Metadata-Version: 2.1
Name: risknet
Version: 1.0.17
Summary: A pip-installable pipeline which loads 2009 FM data into an XGBoost model instance
Home-page: https://github.com/prod-lab/risknet
Author: Zaki Ahmed, Rod Albuyeh, Terin Ambat, Emily Chin, Zhen Fang, Riya Mhatre, Zafeer Syed
Author-email: zahmed@ucsd.edu, albuyeh@gmail.com, tambat@ucsd.edu, e1chin@ucsd.edu, zhfang@ucsd.edu, rmhatre@ucsd.edu, zsyed@ucsd.edu
Project-URL: Bug Tracker, https://github.com/prod-lab/risknet/issues
Classifier: Intended Audience :: Developers
Classifier: Programming Language :: Python
Classifier: Programming Language :: Python :: 3.6
Classifier: Programming Language :: Python :: 3.7
Classifier: Programming Language :: Python :: 3.8
Classifier: Programming Language :: Python :: 3.8
Classifier: License :: OSI Approved :: MIT License
Classifier: Operating System :: OS Independent
Classifier: Topic :: Software Development :: Libraries :: Python Modules
Requires-Python: >=3.10
Description-Content-Type: text/markdown
License-File: LICENSE
Requires-Dist: numpy ==1.26.1
Requires-Dist: pandas ==2.1.2
Requires-Dist: dask[complete] ==2023.10.1
Requires-Dist: xgboost ==2.0.1
Requires-Dist: PyYAML
Requires-Dist: types-PyYAML
Requires-Dist: pyarrow
Requires-Dist: fastparquet

Welcome to Risknet! This is a downloadable Pip package where you can access and run an XGBoost pipeline.

# Folder/File Layout Layout
- src/risknet
   - `config`: holds `conf.yaml`
      - `conf.yaml`: helps with setup
      - `handlers.py`
   - `data`: empty folder where user can store FM dataset
   - `jobs`
      - `cloud_etl.py`: helps save files to cloud
   - `proc`: contains preprocessing steps like feature encoding, label prep, and train-test splits
      - `encoder.py`: feature engineering/encoding categoricals
      - `label_prep.py`: defines default, progress on loan
      - `reducer.py`: reduces features based on importance, also train/test/val splits
   -`run`: contains files for running pipeline
      - `main.py`: currently empty. WIP define pipeline as a function and call here
      - `model.py`: defines the model class + functions
      - `pipeline.py`: calls functions to execute the pipeline
   - `sys`: contains files to set up system environment and logging
      - `log.py`: sets up logger
      - `managers.py`: sets up the dask manager
      - `system.py`: defines creating and removing files via the `sys` package
   -`main.py`: logs start, stop time for running the program (including downloading packages from setup.cfg)
   - `tests`: store tests here
      -`test_stub.py`: currently only asserts True == True. No tests added yet.

# Running The Code
Currently, this code is hosted on testpypi, a Test version of the Python Packaging Index. You can see package documentation [here](https://test.pypi.org/project/risknet/).

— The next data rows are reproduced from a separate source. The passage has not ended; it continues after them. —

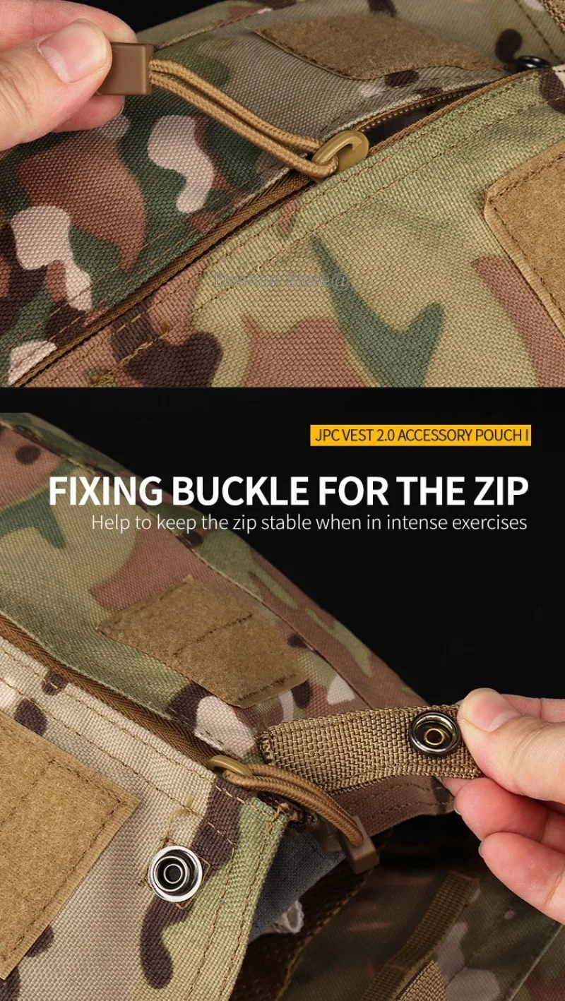 Un bolsillo incorporado para herramientas de hidratación/preparación y dos bolsillos laterales para cargadores de acceso.
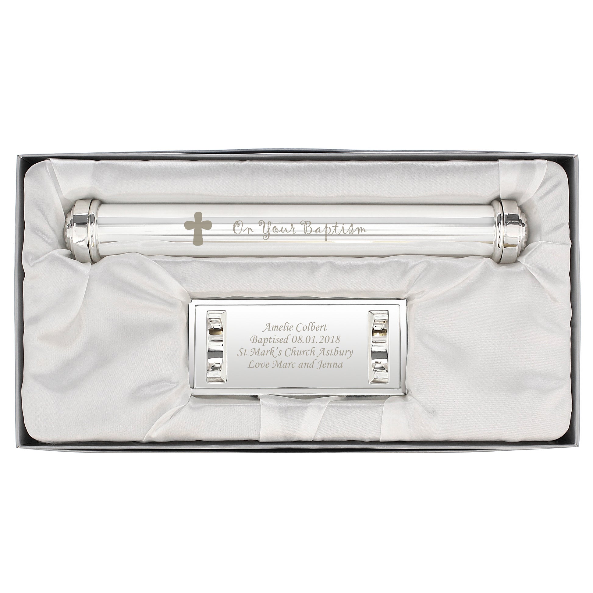 The wording 'On Your Baptism' featured on the holder is fixed text.
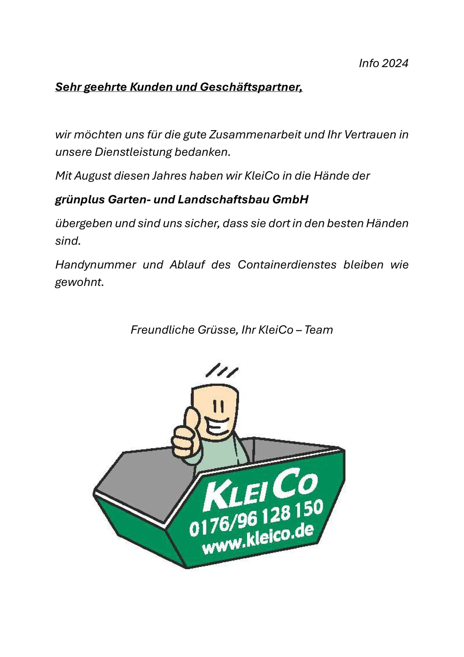 Transport und Gestellung von Containern in den Größen: 1,5 m³ und 3,5 m³ zuzgl. fachgerechter Entsorgung
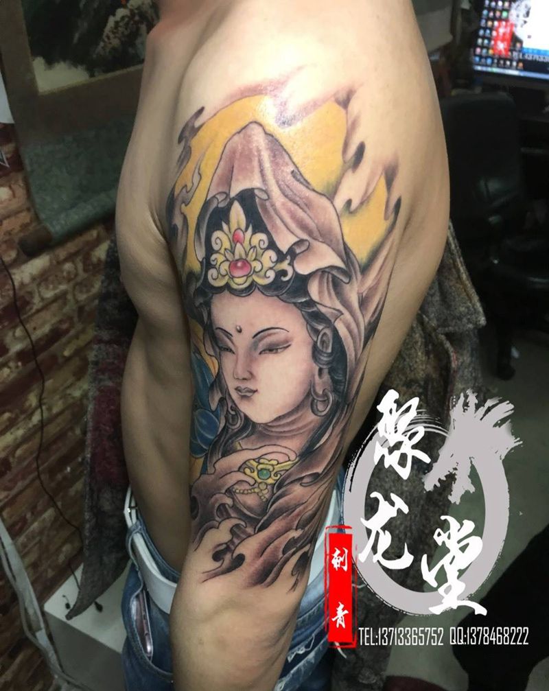 当前位置: 首页 >广东省惠州市纹身店-聚龙堂刺青纹身图案>观音纹身图片_成品手臂传统宗教人物纹身图案
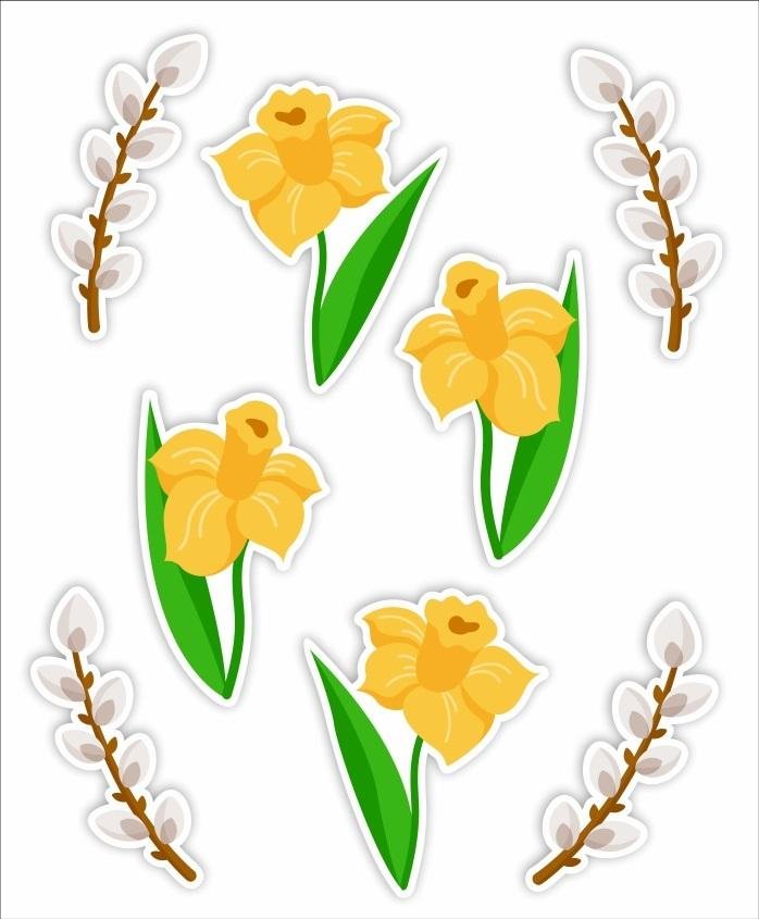 Dekoracje okienne dwustronne - Żonkile i bazie 8el
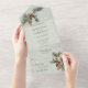 Invitación Todo En Uno Pino verde sabio y holly en nieve
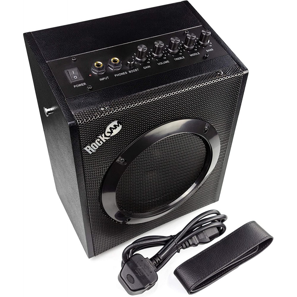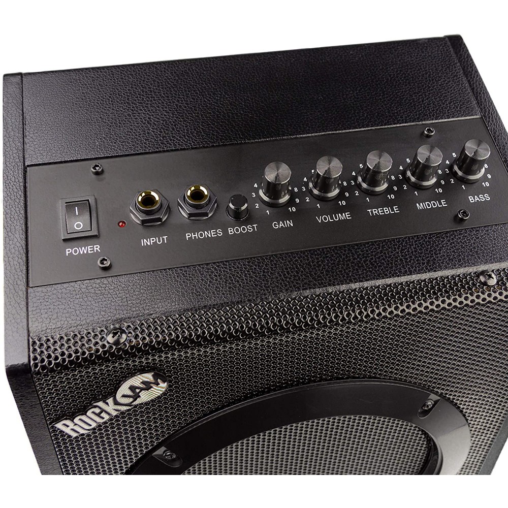 RockJam Amplificador de guitarra eléctrica de 20 vatios con entrada de auriculares, ecualizador de tres bandas, sobremarcha y ganancia de potencia
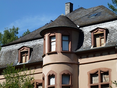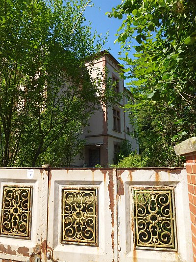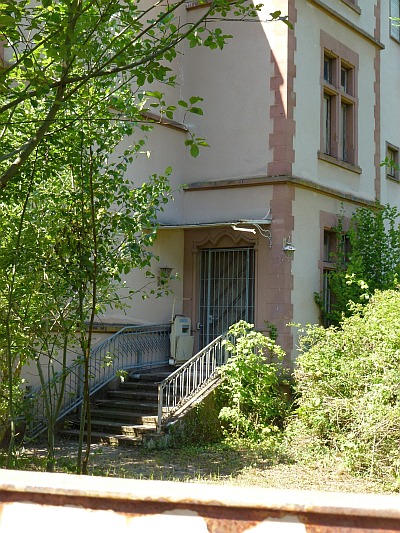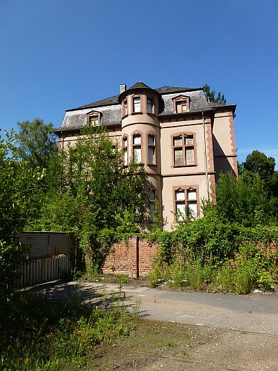 Großbürgerliche Villa; hoch aufragender sandsteingegliederter Putzbau mit Walmdach, Treppenturm und Erkerturm, neugotische Motive, um 1900. [1]
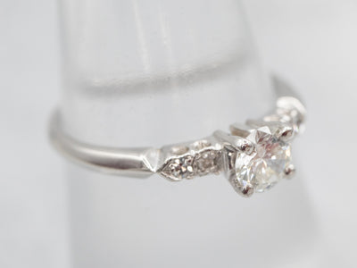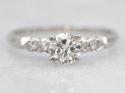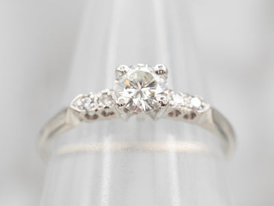 Classic diamond engagement ring set in platinum! The center-round brilliant diamond is set with four protective prongs and is accented by pretty diamonds on the shoulders of the ring. A classic in style and high in quality, this would be a great piece for a lady looking for a timeless ring to wear with a variety of bands!

As described in the website above, you can access the code by running `pip install -i https://test.pypi.org/simple/ risknet` on your local computer. Ensure pip is updated.
- Note: this code might not work on your computer as many dependencies of the package like pandas are not available for download via testpypi

To run a specific part of the code, use risknet.utils.{feature_name} as is standard practice when accessing Python packages.

# Reproducibility Information:
## Accessing Data
You may want to access our base dataset for reference purposes. Here's how you can do that:

In this study we will use the Freddie Mac Single-Family Loan Dataset to run code. Specifically, we will use the 2009_Q1 dataset.
1. Go to this link [here](https://www.freddiemac.com/research/datasets/sf-loanlevel-dataset). This will redirect you to the Freddie Mac site.
2. Scroll down until you reach a table that says "Loan-Level Dataset Files". Download the **standard quarterly** dataset.
3. Submit necessary education credentials including name, email, and reason for accessing the files. There should not be a payment step. The site will email you a username and password.
4. Reload the page and log in with your new email/password credentials.
5. Download the Quarter 1 data from the year 2009. You will receive a .zip file in your Downloads folder. 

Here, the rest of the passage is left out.